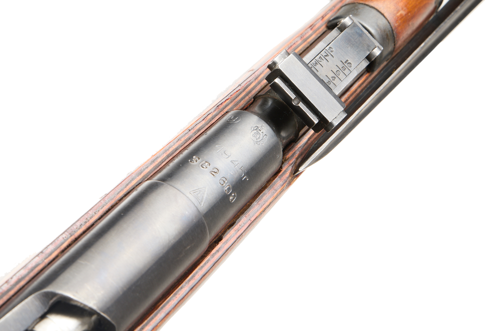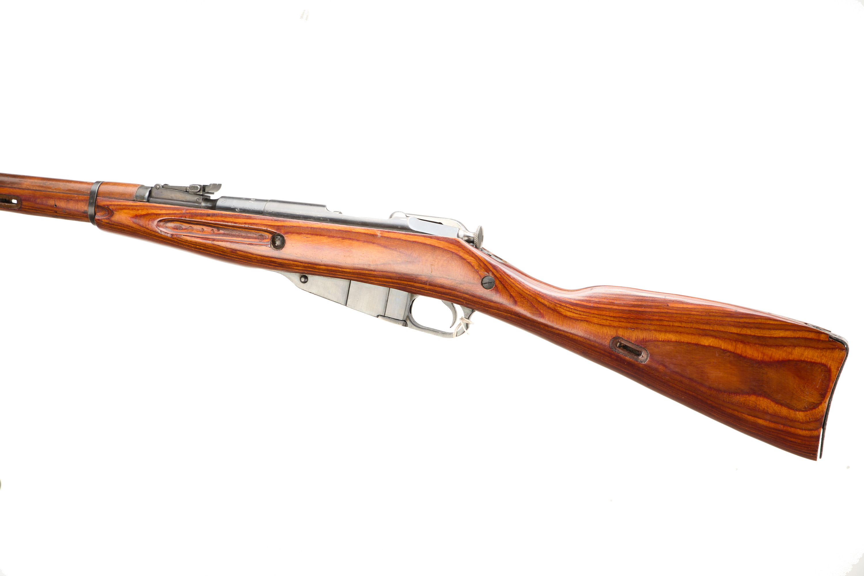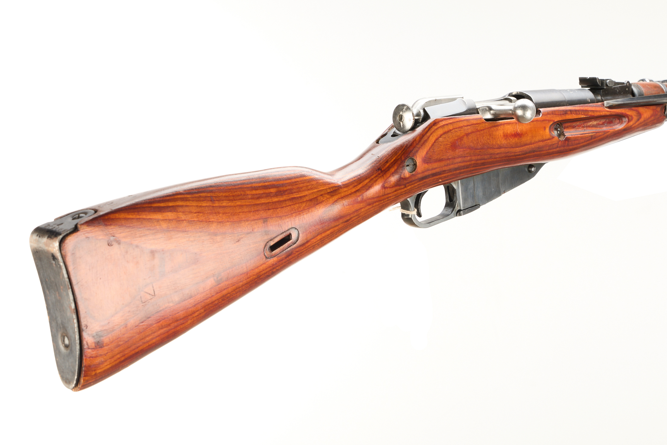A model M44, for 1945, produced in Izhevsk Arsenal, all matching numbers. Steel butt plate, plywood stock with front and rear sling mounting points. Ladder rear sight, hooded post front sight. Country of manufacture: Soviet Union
* * *
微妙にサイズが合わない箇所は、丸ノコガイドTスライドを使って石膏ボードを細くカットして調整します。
...
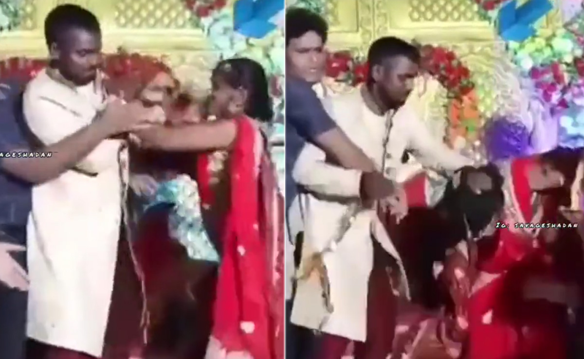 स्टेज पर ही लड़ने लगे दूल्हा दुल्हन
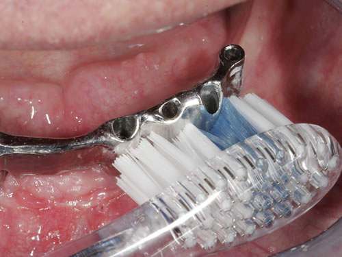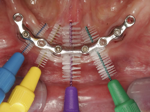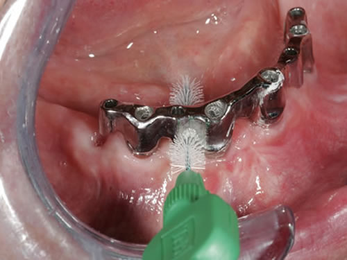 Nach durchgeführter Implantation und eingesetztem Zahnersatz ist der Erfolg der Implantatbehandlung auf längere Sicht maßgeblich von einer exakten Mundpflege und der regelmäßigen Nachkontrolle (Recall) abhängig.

# EXERCISE PROMPT
What you need to produce is an exact copy of the entries above, limited to the lines from the one with "स्टेज पर ही लड़ने लगे दूल्हा दुल्हन" up to and including the one with "Nach durchgeführter Implantation", without pictures.

# EXERCISE OUTPUT
 स्टेज पर ही लड़ने लगे दूल्हा दुल्हन
 Nach durchgeführter Implantation und eingesetztem Zahnersatz ist der Erfolg der Implantatbehandlung auf längere Sicht maßgeblich von einer exakten Mundpflege und der regelmäßigen Nachkontrolle (Recall) abhängig.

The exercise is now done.